Work to be completed: Please write out the entire listing below exactly, excluding its pictures.

Data for this exercise:
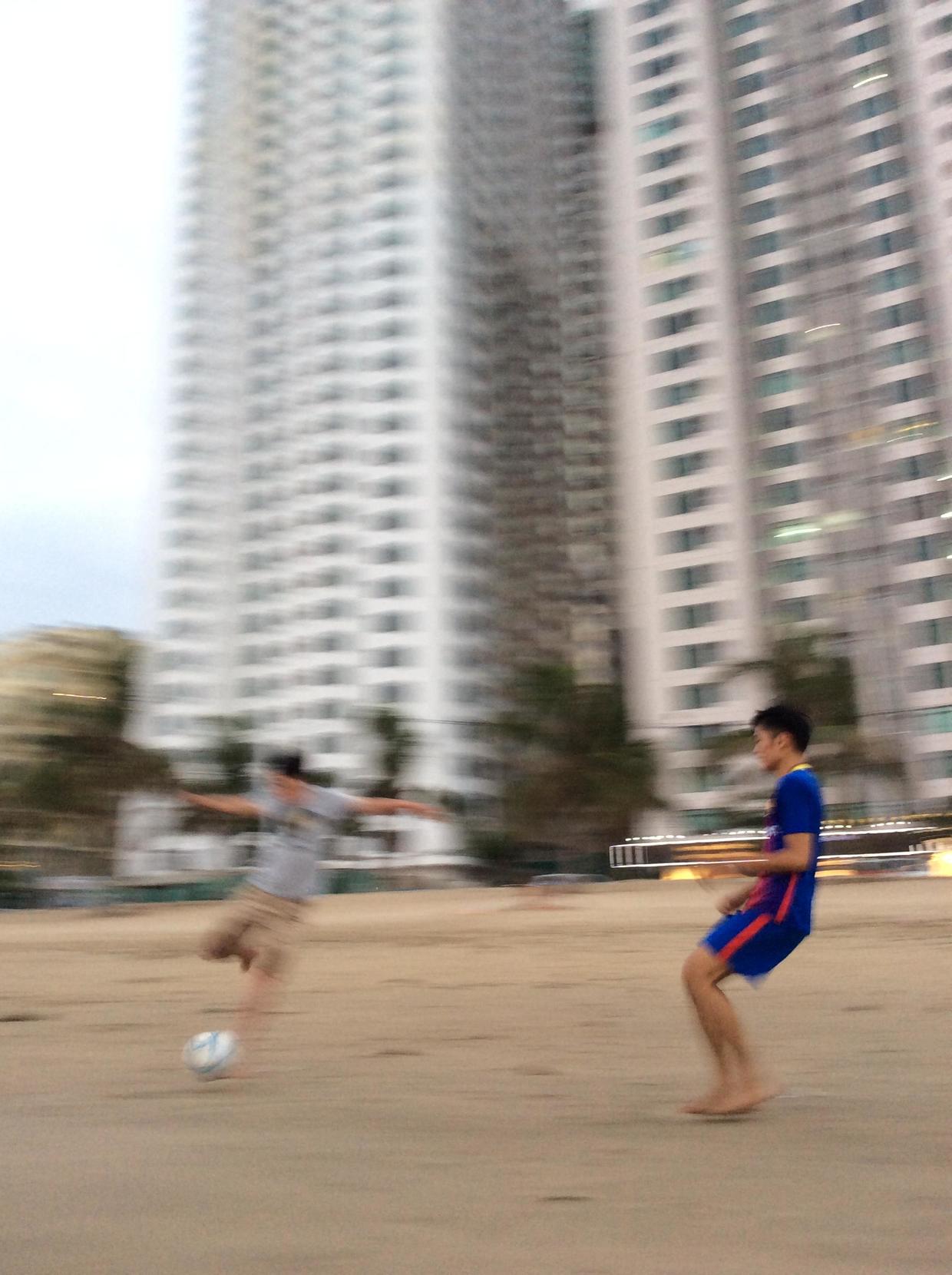在海边沙滩上,有一群越南小孩在踢足球,刚好我也喜欢踢足球,就和他们一起玩了。玩完了,就和朋友一起去海边拍照了。越南的海岸线可以说是亚洲最漂亮的海岸线了,延绵好几千公里,海岸线的南侧,就是南海了——我们中国富饶美丽的南海。
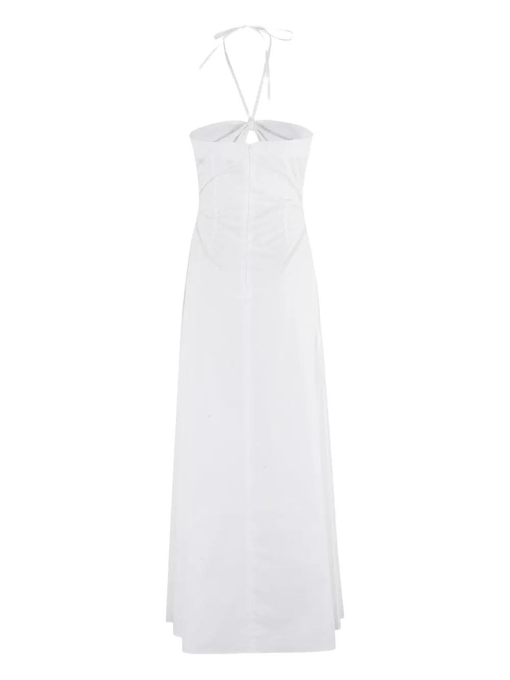 Белая хлопковая ткань, вырез сверху, завязка на горловине, застежка-молния сзади, халтер
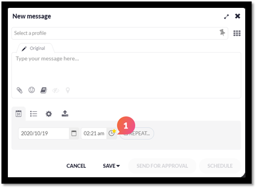 - Optimal times can be added either to messages when scheduling a post in the Compose box as shown below:
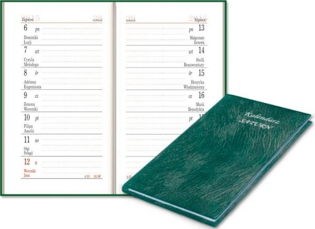 Układ 1 tydzień na stronie Druk, Papier 2 kolory, papier 70g/m2 w kolorze białym Kalendarium w języku polskim, numeracja tygodni, wschody i zachody Słońca, fazy Księżyca, podwójne imieniny Oprawa ze szlachetnych folii PCV o różnorodnym wzornictwie Część informacyjna plan roczny, miesięczny, telefony kierunkowe, skorowidz alfabetyczny, mapka z odległościami drogowymi w Polsce, kalendarz stuletni
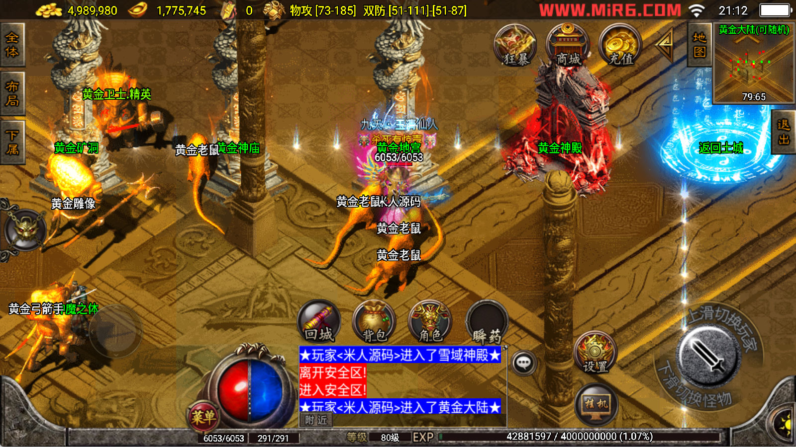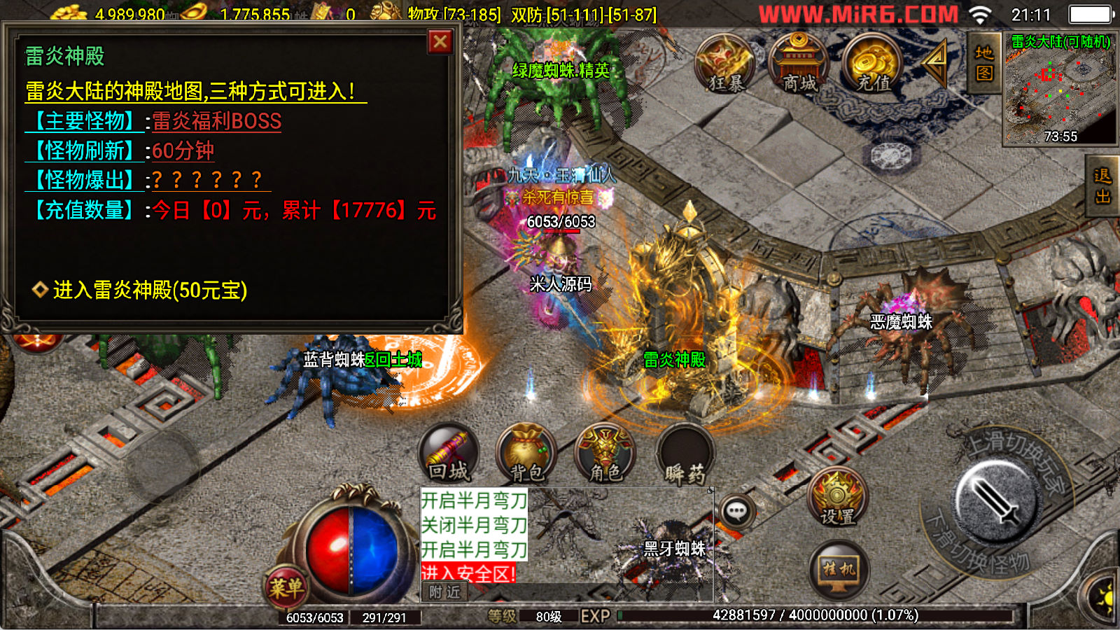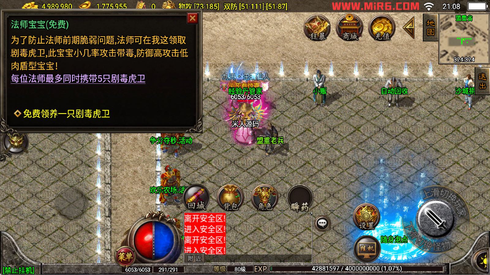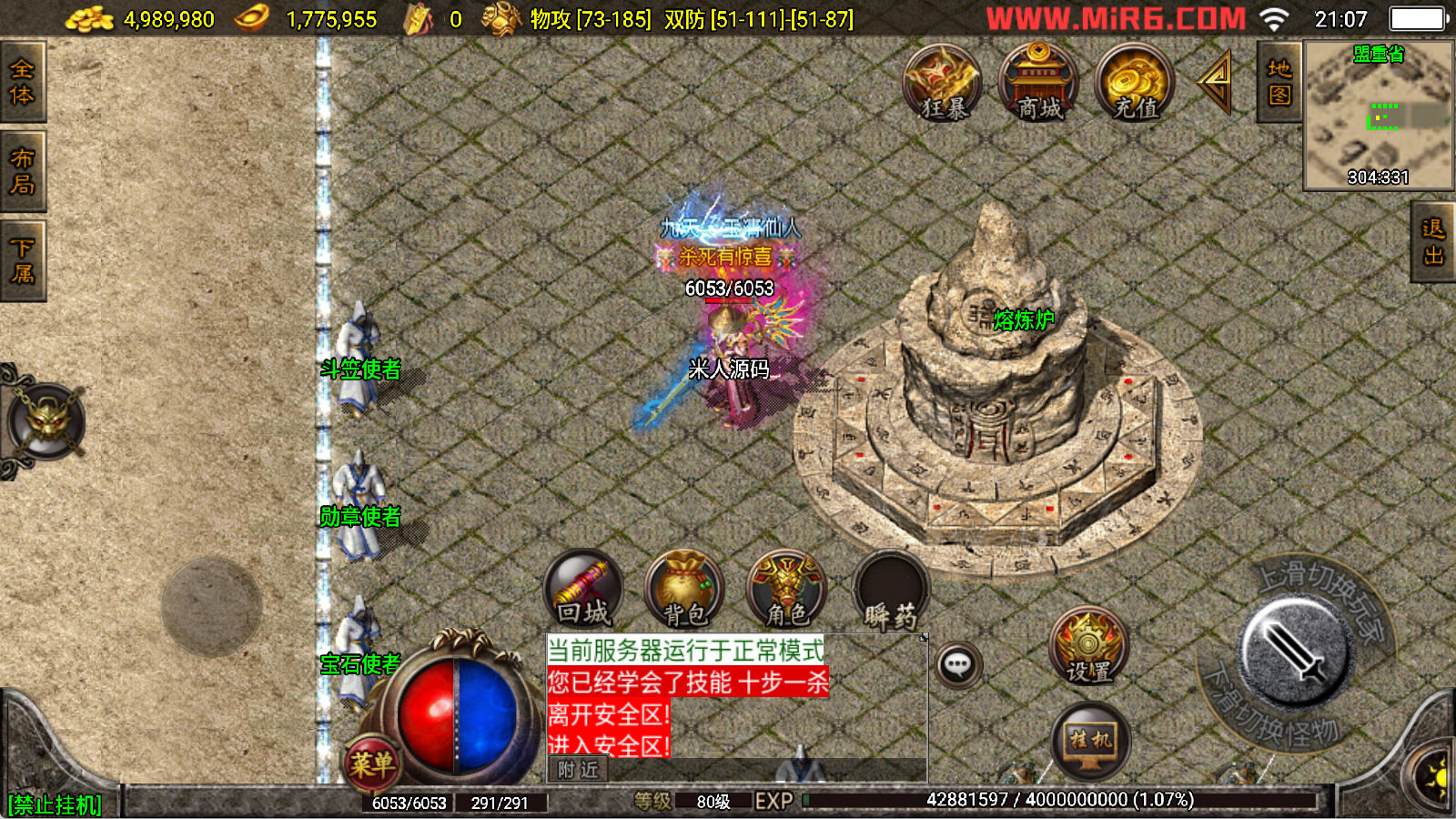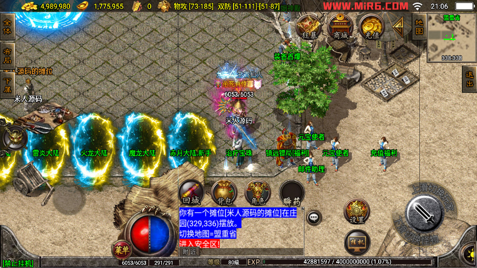 下面我们来测试下游戏里的功能看看。好了,其他功能就自行测试吧。更多的游戏资源可以访问www.MiR6.com下载,我们每款游戏资源均单独制作了独立的视频架设教程,让小白也可以快速上手游戏架设,快来体验自己做GM的乐趣吧!
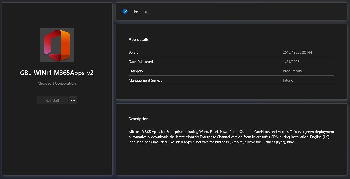 This deployment combines several moving parts: the Office Deployment Tool with a CDN-based configuration, a couple PowerShell scripts for install & uninstall as well as a separate custom detection logic with detailed logging and critically the Delivery Optimization settings that can make or break large app deployments during either regular installations (or Autopilot deployments).
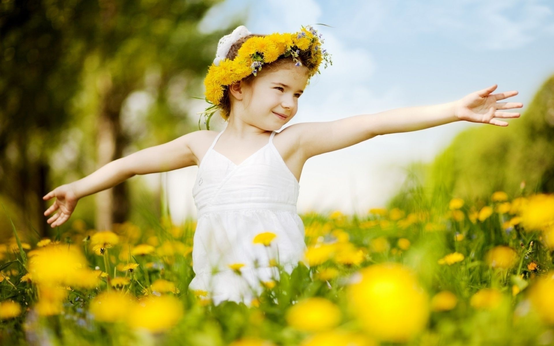 Mädchen in einem Löwenzahnkranz auf einem Feld
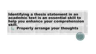 This document discusses identifying thesis statements and outlining reading texts. It begins by defining a thesis statement as a single, clear sentence that communicates the central focus or argument of a paper. It then defines academic texts as being written by experts in a specialized field using formal language. Finally, it provides guidance on identifying thesis statements within texts and outlines different outlining methods, including traditional outlines with Roman numerals and traditional outlining structures.
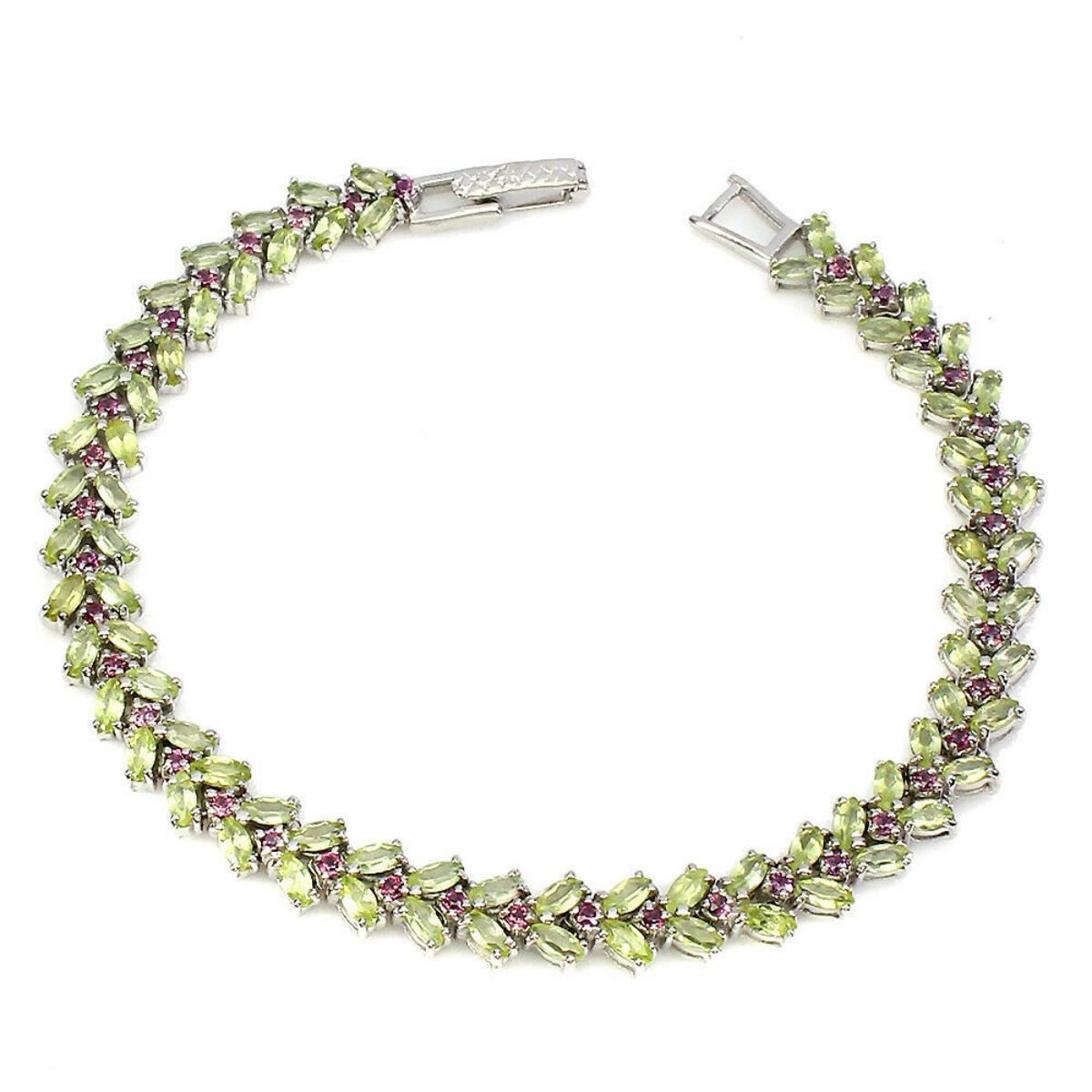925 STERLING SILVER;PLATE-14K WHITE GOLD;LENGTH (INCHES)- 8;MAIN STONE-PERIDOT;OTHER GEMS-RHODOLITE GARNET;TOTAL WEIGHT-13.62 GRAM (TOTAL WEIGHT OF SILVER + STONE);DIMENSION-* STONE 2.0 TO 4.0 X 2.0 MM. * LENGTH 8.0 INCHES.* FACE BRACELET 195.0 X 7.0 MM.;MAIN STONE SHAPE-MARQUISE CUT;MAIN STONE COLOR- GREEN;CLARITY/GRADE-IF TO VVS;TREATMENT-UNHEATED;ORIGIN-PAKISTAN;HARDNESS-6;

Finished exercise:
在海边沙滩上,有一群越南小孩在踢足球,刚好我也喜欢踢足球,就和他们一起玩了。玩完了,就和朋友一起去海边拍照了。越南的海岸线可以说是亚洲最漂亮的海岸线了,延绵好几千公里,海岸线的南侧,就是南海了——我们中国富饶美丽的南海。
 Белая хлопковая ткань, вырез сверху, завязка на горловине, застежка-молния сзади, халтер
 - Optimal times can be added either to messages when scheduling a post in the Compose box as shown below:
 Układ 1 tydzień na stronie Druk, Papier 2 kolory, papier 70g/m2 w kolorze białym Kalendarium w języku polskim, numeracja tygodni, wschody i zachody Słońca, fazy Księżyca, podwójne imieniny Oprawa ze szlachetnych folii PCV o różnorodnym wzornictwie Część informacyjna plan roczny, miesięczny, telefony kierunkowe, skorowidz alfabetyczny, mapka z odległościami drogowymi w Polsce, kalendarz stuletni
 下面我们来测试下游戏里的功能看看。好了,其他功能就自行测试吧。更多的游戏资源可以访问www.MiR6.com下载,我们每款游戏资源均单独制作了独立的视频架设教程,让小白也可以快速上手游戏架设,快来体验自己做GM的乐趣吧!
 This deployment combines several moving parts: the Office Deployment Tool with a CDN-based configuration, a couple PowerShell scripts for install & uninstall as well as a separate custom detection logic with detailed logging and critically the Delivery Optimization settings that can make or break large app deployments during either regular installations (or Autopilot deployments).
 Mädchen in einem Löwenzahnkranz auf einem Feld
 This document discusses identifying thesis statements and outlining reading texts. It begins by defining a thesis statement as a single, clear sentence that communicates the central focus or argument of a paper. It then defines academic texts as being written by experts in a specialized field using formal language. Finally, it provides guidance on identifying thesis statements within texts and outlines different outlining methods, including traditional outlines with Roman numerals and traditional outlining structures.
925 STERLING SILVER;PLATE-14K WHITE GOLD;LENGTH (INCHES)- 8;MAIN STONE-PERIDOT;OTHER GEMS-RHODOLITE GARNET;TOTAL WEIGHT-13.62 GRAM (TOTAL WEIGHT OF SILVER + STONE);DIMENSION-* STONE 2.0 TO 4.0 X 2.0 MM. * LENGTH 8.0 INCHES.* FACE BRACELET 195.0 X 7.0 MM.;MAIN STONE SHAPE-MARQUISE CUT;MAIN STONE COLOR- GREEN;CLARITY/GRADE-IF TO VVS;TREATMENT-UNHEATED;ORIGIN-PAKISTAN;HARDNESS-6;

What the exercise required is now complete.